Data records ->
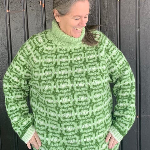 Den er strikket etter størrelse S, og er 114cm rundt kroppen. Jeg strikket dessverre for langt fra halsen til armhulene, og den er 29cm i stedet for 23cm. Dette gjør at ermehulene går under brystene mine, og er større enn det den skal være. Ellers er alle målene like som i oppskriften. Vil derfor anbefale genseren til en som bruker M/L, eller en S med større bryst.
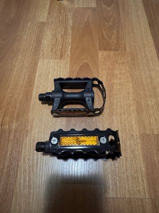 Par de pedales negros para bicicleta, con reflectores naranjas. - Material: Plástico y metal. - Diseño con tacos para mejor agarre. - Reflectores integrados para mayor visibilidad.
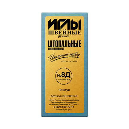 Иглы швейные ручные штопальные №8д ИЗ-200140 "Игольный завод"
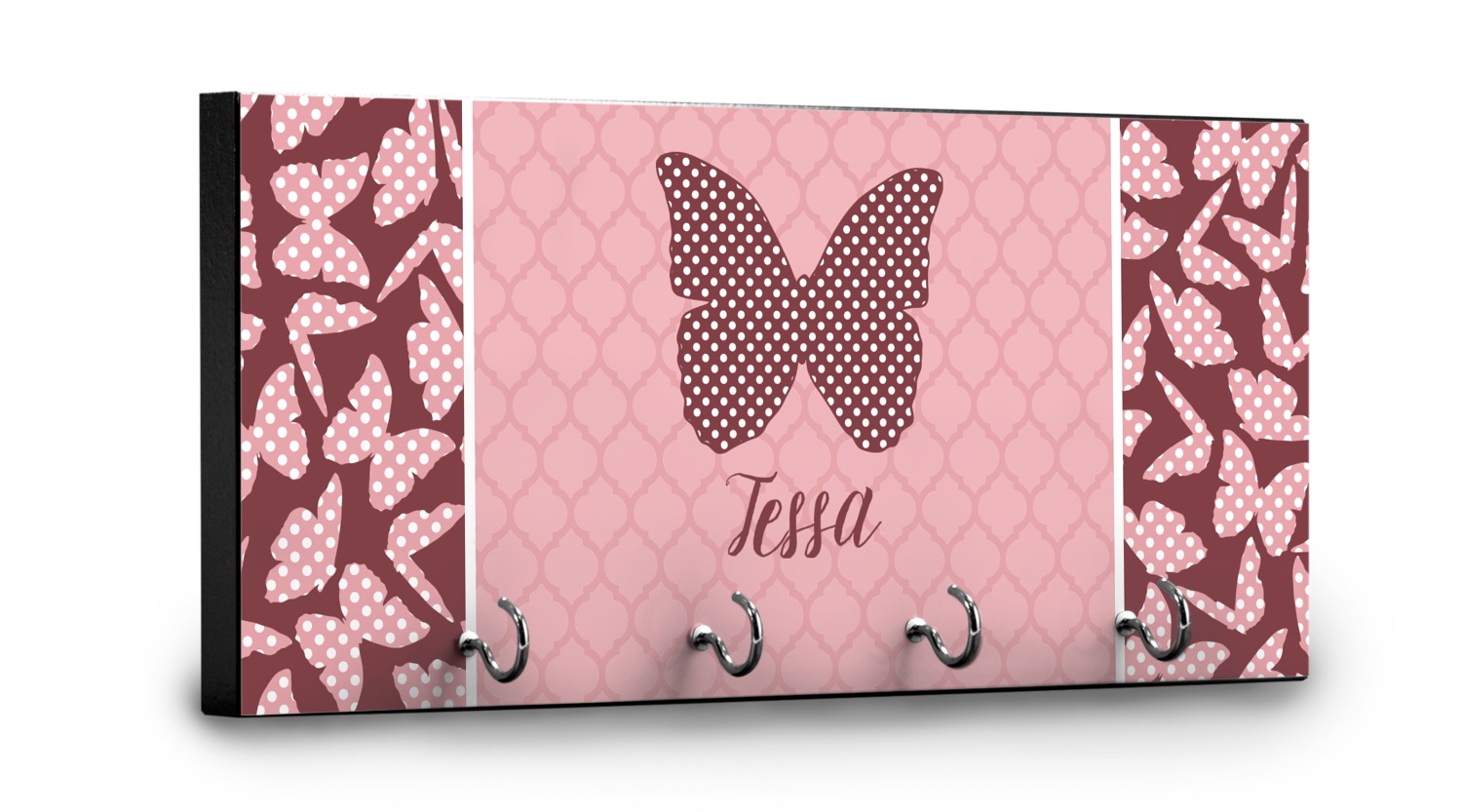 The design is split up in three parts with a polka dot butterfly pattern on either side of the middle section which has a subtle moroccan background. The foreground is personalized with a name and a fun polka dotted butterfly graphic above it. The blush and maroon compliment each other quite nicely. Easily change any of these design elements within the design center.
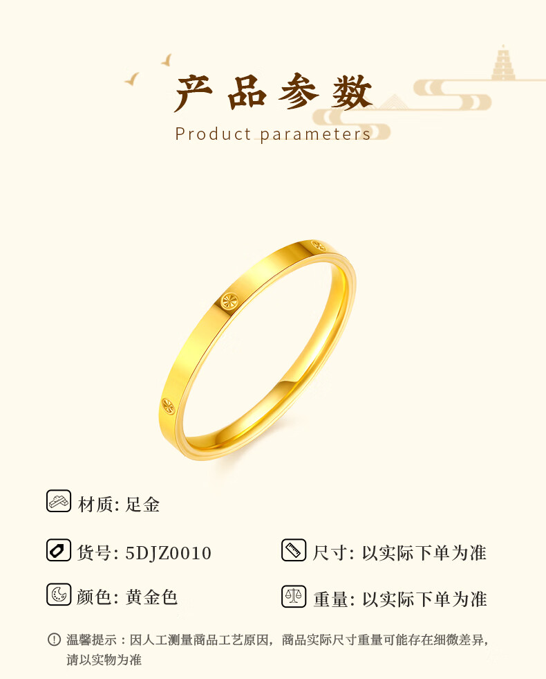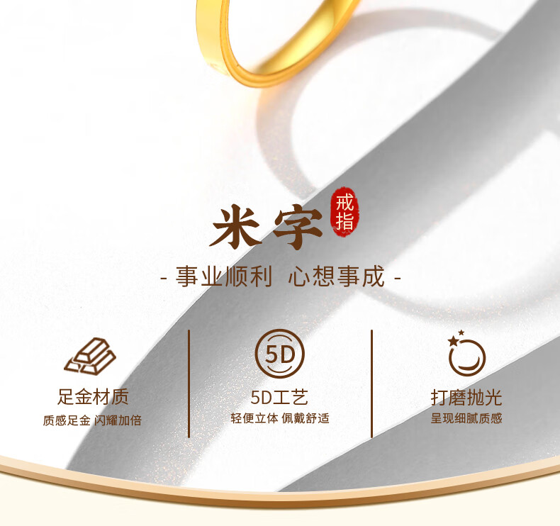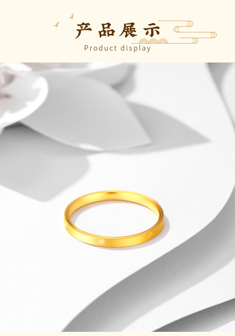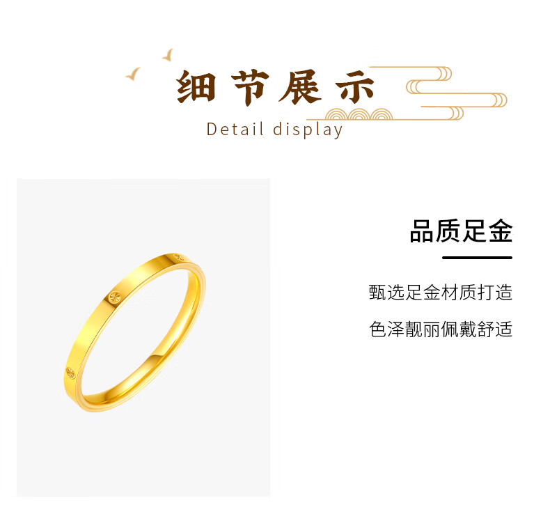 CHINA GOLD rice-shaped gold ring women's pure gold closed single ring ring birthday gift for girlfriend and wife gold weight about 1.1g* pure gold ring ring mouth 15#

What is being asked -> Each line of the data must be restated exactly, and the pictures must be left out.

Expected answer ->
 Den er strikket etter størrelse S, og er 114cm rundt kroppen. Jeg strikket dessverre for langt fra halsen til armhulene, og den er 29cm i stedet for 23cm. Dette gjør at ermehulene går under brystene mine, og er større enn det den skal være. Ellers er alle målene like som i oppskriften. Vil derfor anbefale genseren til en som bruker M/L, eller en S med større bryst.
 Par de pedales negros para bicicleta, con reflectores naranjas. - Material: Plástico y metal. - Diseño con tacos para mejor agarre. - Reflectores integrados para mayor visibilidad.
 Иглы швейные ручные штопальные №8д ИЗ-200140 "Игольный завод"
 The design is split up in three parts with a polka dot butterfly pattern on either side of the middle section which has a subtle moroccan background. The foreground is personalized with a name and a fun polka dotted butterfly graphic above it. The blush and maroon compliment each other quite nicely. Easily change any of these design elements within the design center.
 CHINA GOLD rice-shaped gold ring women's pure gold closed single ring ring birthday gift for girlfriend and wife gold weight about 1.1g* pure gold ring ring mouth 15#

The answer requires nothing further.